Выбрать главу

Раз пространство в эддических мифах существует только как его конкретные куски, изначальная пустота, т. е. пространство, абстрагированное от своего содержания, естественно, невозможно. Поэтому же невозможно и возникновение из ничего, т. е. сотворение. Правда, в «Прорицании вёльвы» делается наивная попытка заглянуть в то время, когда еще ничего не было — ни песка, ни моря, ни холодных волн, ни земли, ни неба, ни даже травы, но тут же оказывается, что уже тогда существовал великан Имир (в русском переводе упоминание Имира опущено, как оно опущено в «Младшей Эдде», где цитируется эта строфа) и существовала магическая бездна Гиннунгагап (Ст. Э., 9). В той же песни «Старшей Эдды» сотворение земли богами изображается, насколько можно понять это место, как ее поднятие из моря, а сотворение небесных светил — как указание им их места и их обязанностей, т. е. их упорядочения. По-видимому, они уже существовали раньше, но

солнце не ведало, где его дом, звезды не ведали, где им сиять, месяц не ведал, мощи своей.
(Ст. Э., 9).

А согласно «Младшей Эдде», светила — это просто искры, вырвавшиеся из жаркого Муспелльсхейма и прикрепленные к небу (Мл. Э., 25).

С точки зрения истории пространственных представлений самое существенное в эддических мифах о сотворении мира — это, вероятно, то, что центральный образ в них всегда человекоподобный великан Имир и что это в то же время образ, максимально приближающийся к представлению о мире как целом: ведь части мира — это куски его тела, и, следовательно, он сам — это мир как целое. Таким образом, отождествление мира с человеческим телом — это осознание мира как целого, а тем самым и максимальное приближение к осознанию непрерывности пространства. Вместе с тем отождествление мира с человеческим телом — это, конечно, проявление «внутренней точки зрения на пространство», т. е. отсутствие четкой противопоставленности сознания внешнему миру, человека — окружающей его природе, микрокосма — макрокосму.
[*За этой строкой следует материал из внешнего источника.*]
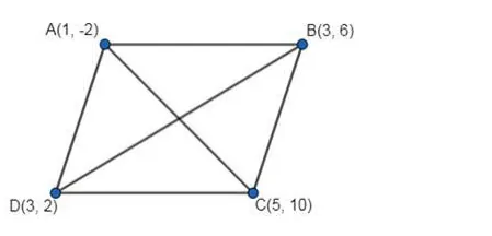 Show that A(1, -2), B(3, 6), C(5, 10) and D(3, 2) are the vertices of a parallelogram.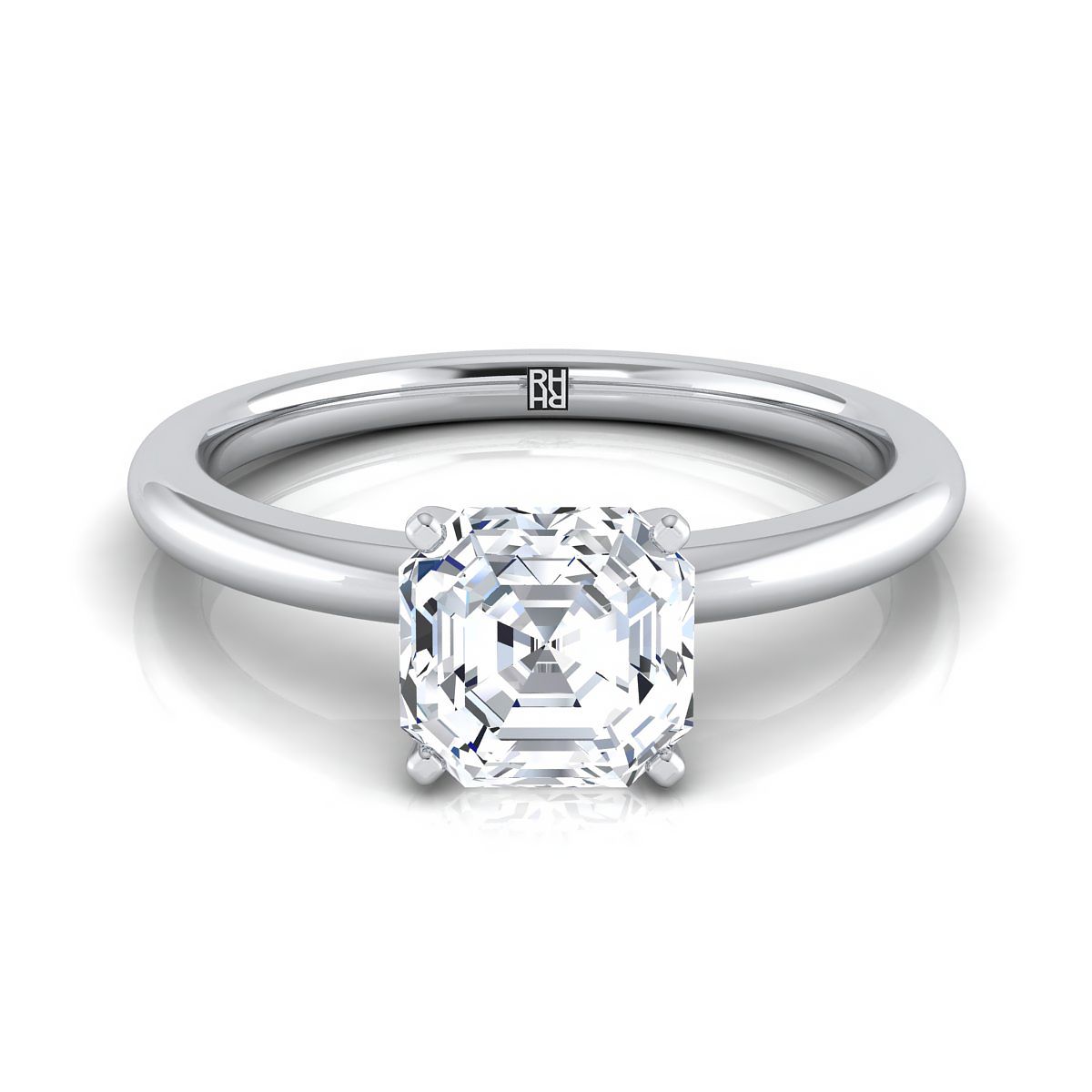 แหวนหมั้นแบบโซลิแทร์ทรงแอสเชอร์สุดคลาสสิกนี้แสดงให้เห็นถึงสไตล์ที่โดดเด่น พร้อมด้วยแหวนวงโค้งมนและการตั้งเม็ดกลางแบบ 4 ก้านในแพลตตินัม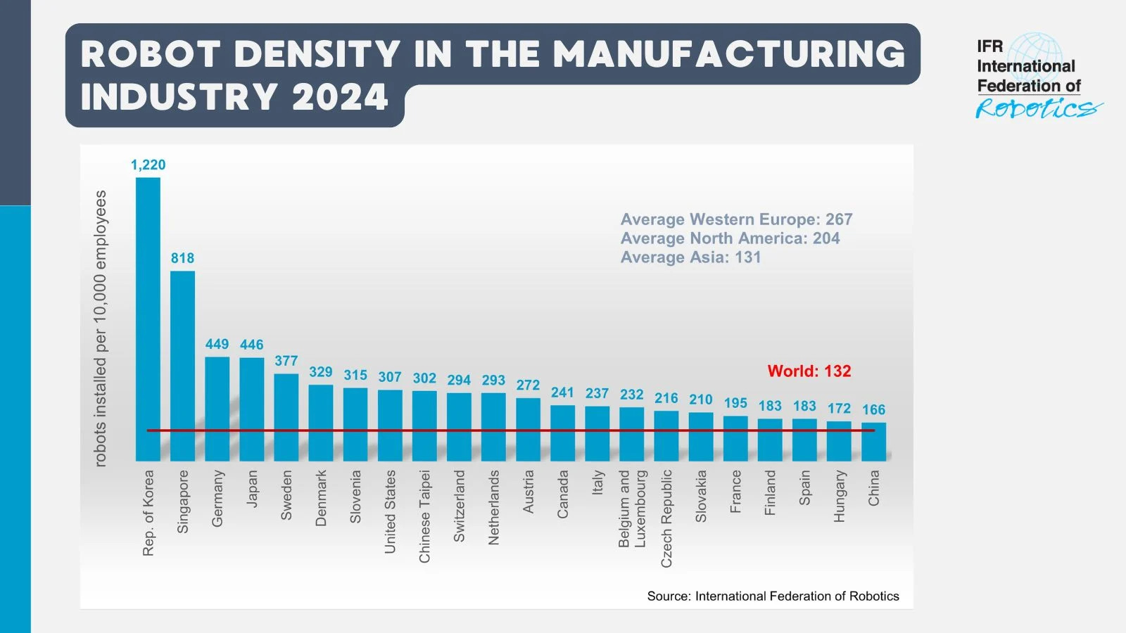 The Republic of Korea maintains the world’s highest robot density with 1,220 robots per 10,000 employees, benefiting from its dominant electronics and automotive sectors. Singapore follows in second place with 818 units, while Japan ranks fourth with 446. The United States ranks eighth worldwide with 307 units, representing a 4 percent year-on-year increase.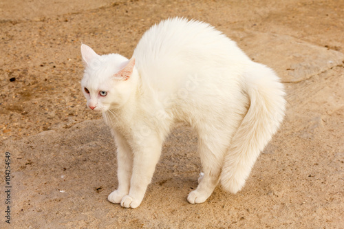 © LFRabanedo, Naklejka premium Gato blanco en postura agresiva.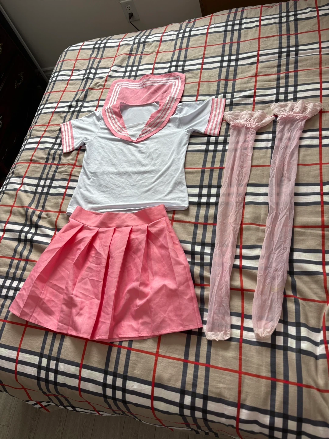 Selling a cute pink cosplay outfit! The set includes a white and pink sailor-style top, a matching pink pleated skirt, and pink thigh-high stockings. Perfect for cosplay events or just having fun!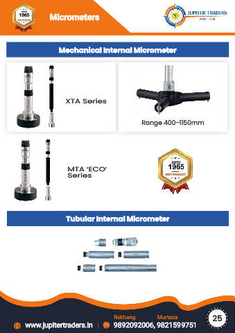 ESTD 1965 BEST PRODUCT Micrometers Taper Gauges Mechanical Internal Micrometer XTA Series Range 400-1150mm ESTD MTA ‘ECO’ 1965 Series BEST PRODUCT Tubular Internal Micrometer 25 Rekhang Murtaza www.jupitertraders.in 9892092006, 9821599751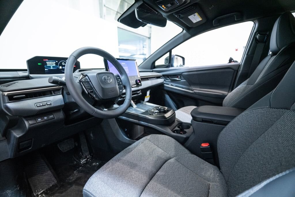 This bZ is well equipped with 4-Wheel Disc Brakes, 6 Speakers, ABS brakes, Air Conditioning, All Weather Floor Liners/All Weather Cargo, Alloy wheels, AM/FM radio: SiriusXM, Apple CarPlay/Android Auto, Auto High-beam Headlights, Auto-dimming Rear-View mirror, Automatic temperature control, Brake assist, Bumpers: body-color, Delay-off headlights, Driver door bin, Driver vanity mirror, Dual front impact airbags, Dual front side impact airbags, Electronic Stability Control, Emergency communication system: Safety Connect (10-year trial), Exterior Parking Camera Rear, Fabric/SofTex Seat Trim, Four wheel independent suspension, Front anti-roll bar, Front Bucket Seats, Front Center Armrest, Front dual zone A/C, Front reading lights, Fully automatic headlights, Garage door transmitter: HomeLink, Heated door mirrors, Heated Front Seats, Heated front seats, Heated steering wheel, Illuminated entry, Knee airbag, Leather steering wheel, Low tire pressure warning, Mudguard, Navigation system: Drive Connect (3 year trial) includes Cloud Navigation with real time traffic and Google POI, Occupant sensing airbag, Outside temperature display, Overhead airbag, Overhead console, Panic alarm, Passenger door bin, Passenger vanity mirror, Power door mirrors, Power driver seat, Power Liftgate, Power steering, Power windows, Radio data system, Radio: 14 Toyota Audio Multimedia, Rain sensing wipers, Rear anti-roll bar, Rear seat center armrest, Rear window defroster, Remote keyless entry, Security system, Speed control, Speed-sensing steering, Split folding rear seat, Spoiler, Steering wheel mounted audio controls, Telescoping steering wheel, Tilt steering wheel, Traction control, Trip computer, Turn signal indicator mirrors, Variably intermittent wipers, and Wheels: 18 Alloy with Covers.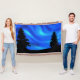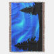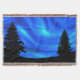 Diese digitale Grafik kennzeichnet eine Anzeige der Wirblen blauen Lichter im Nachthimmel über den Silhouetten von zwei Evergreens.

Не раз приводились параллели к мифу об Имире из мифологий других народов, и наличие этих параллелей объяснялось происхождением данного мифа из того или иного источника. Однако обилие параллелей к этому мифу в мифологиях других народов гораздо проще объяснить тем, что он отражает некоторую закономерную стадию развития пространственных представлений у человека.

Первозданный великан Имир дал начало не только отдельным частям мира — они были созданы из частей его тела — и карликам — они, как рассказывается в «Младшей Эдде» (Мл. Э., 31), зародились в его теле как черви (в «Прорицании вёльвы» рассказывается несколько иначе: они были созданы из крови Бримира и костей Блаина, где Бримир и Блаин, вероятно, имена Имира — Ст. Э., 10), — но задолго до этого он также породил род великанов. Как рассказывается в «Речах Вафтруднира» (Ст. Э., 33) и почти так же в «Младшей Эдде» (Мл. Э., 23), у Имира под мышкой возникли девочка и мальчик, а одна нога зачала с другой шестиглавого сына. Первозданный великан как целое, дающее начало частям мира, должен был, конечно, быть единым. Но размножение человекоподобного существа подразумевает два пола. Разрешение этого противоречия — двуполость Имира (Имир, по-видимому, первоначально и значило «гермафродит»). Однако разрешением этого противоречия могло быть и бесполое размножение. В «Младшей Эдде» рассказывается, что корова Аудумла породила богов, вылизав их родоначальника Бури из соленого камня, покрытого инеем (Мл. Э., 23). Подобно Имиру, она возникла из растаявшего инея, и она вскормила Имира (из ее вымени текли четыре молочные реки). Таким образом, она была как бы матерью Имира и, следовательно, родоначальницей и богов, и великанов. Аудумла, первозданная корова-великан, — образ, по своей роли в развитии представления о мире как целом, в какой-то степени аналогичный образу Имира.